One Dr. Greenthumb excels at creating languid improvisational spaces--the kind of musical environ that invites you to nod your head and rest your eyes in a half-aware stupor. This is, in other words, the perfect soundtrack to your half-conscious daydreams. While The Dwarf Star Sessions impressed with it’s uncanny ability to draw me back into the fold of undulating psychedelia, the followup--Celestial Sounds From the Cosmic Ocean--feels like a gradual climb into the astral womb. And this, in the best possible sense.
As before, bright minimalism and lush growth are the hallmarks of the singular guitar. But an emphasis herein on longer tracks feels like a natural progression, as distinctions between lack any real purpose.
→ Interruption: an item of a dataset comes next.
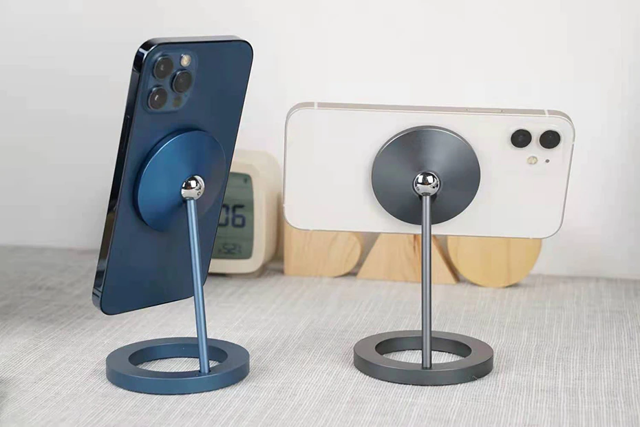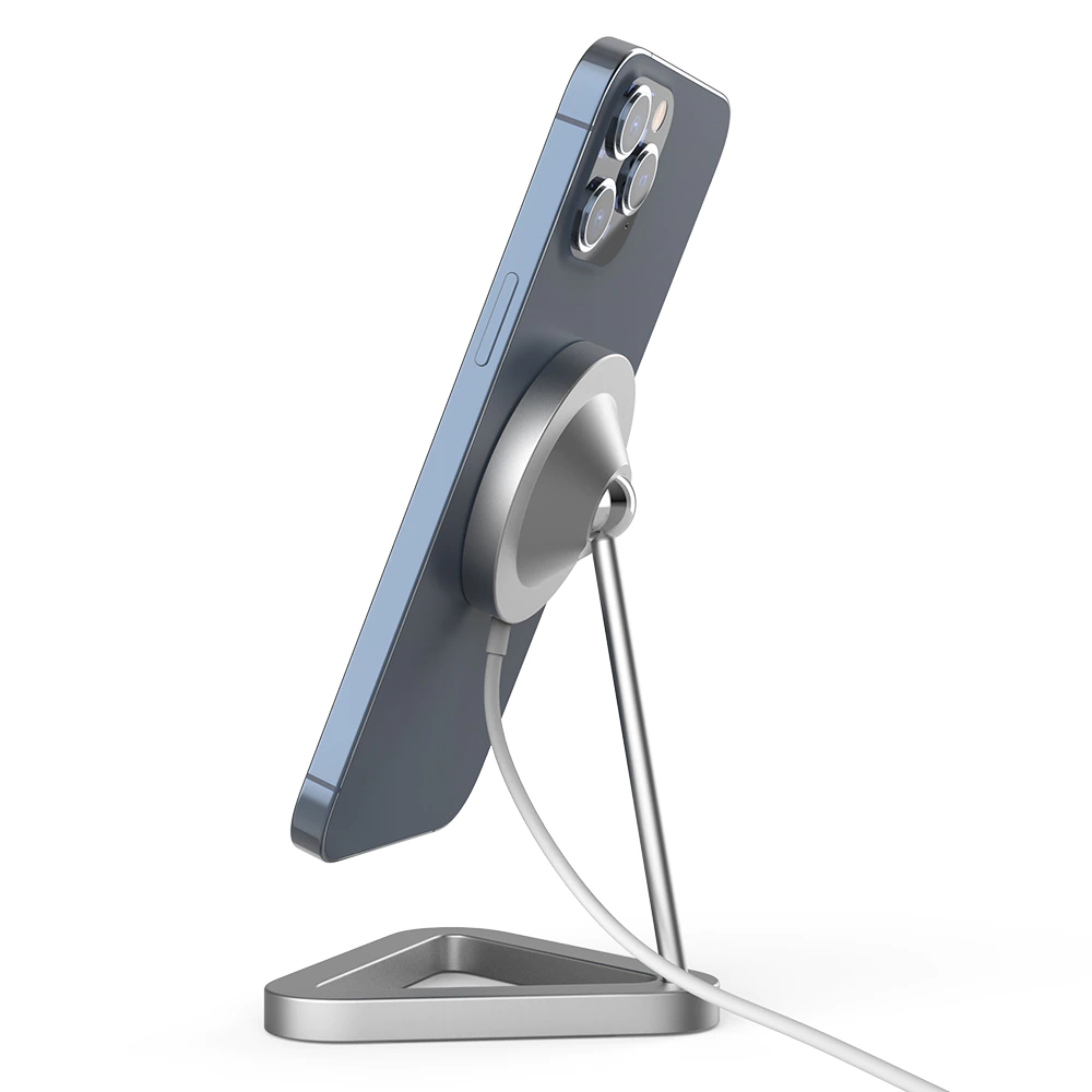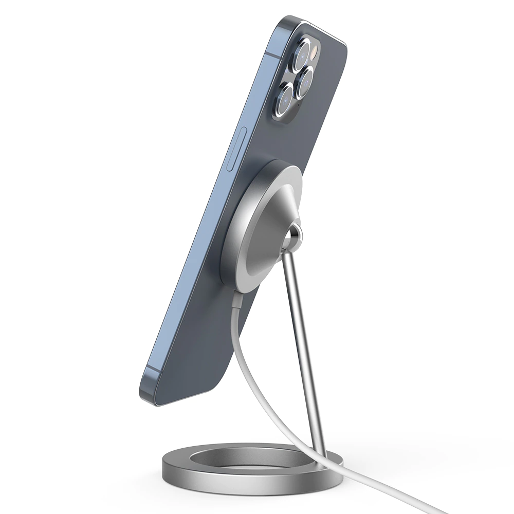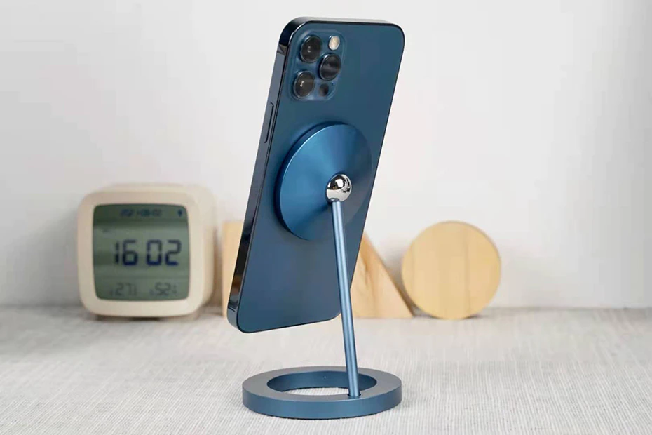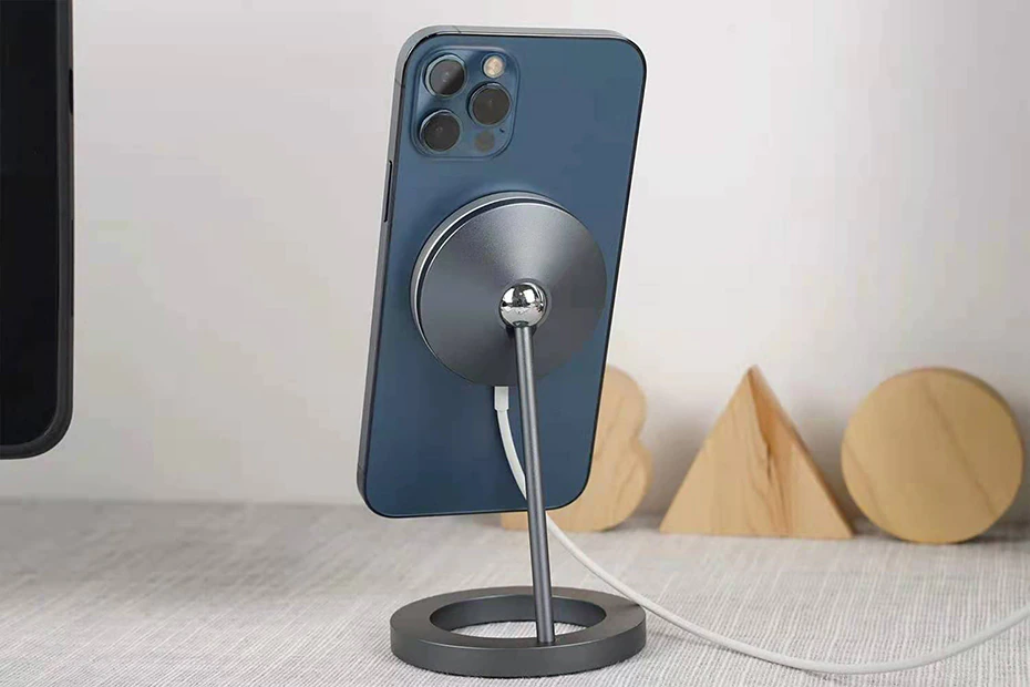 This MagSafe wireless charger comes with an adjustable stand and is compatible with the iPhone 12 series. The magnet ensures that your phone is securely latched, and you can also rotate the attachment by 360 degrees. The body is made of aluminum alloy body and comes in circle, square or triangle base shape. It includes a USB-C connection, and it comes with a non-slip bottom so you can attach it to your desktop. It works great as a space-saving phone stand when you're watching Netflix during your lunch break and would look great on any work desk or nightstand.

An increasingly wavering element to the guitar also distinguishes these two releases--maybe I’m imagining it in the midst of blissful mindnumb’dness, but the reverb here presents a passable facsimile of a didgeridoo, at times. It really doesn’t get more spaced out, and for that, I find myself consistently returning to The Heavy Door Band whilst looking to just shut out the hubbub and noise for a little while.
Again, I find it important to point out that while the musical treatises of Dr. Greenthumb aren’t necessary birthed with a sober audience in mind, the relaxing effects are nonetheless quite remarkable. Whilst listening to Celestial Sounds From the Cosmic Ocean, I am, inevitably, happy as a clam. And that, my friends, is irreplaceable.
The Heavy Door Band - Celestial Sounds From the Cosmic Ocean was released May 2019.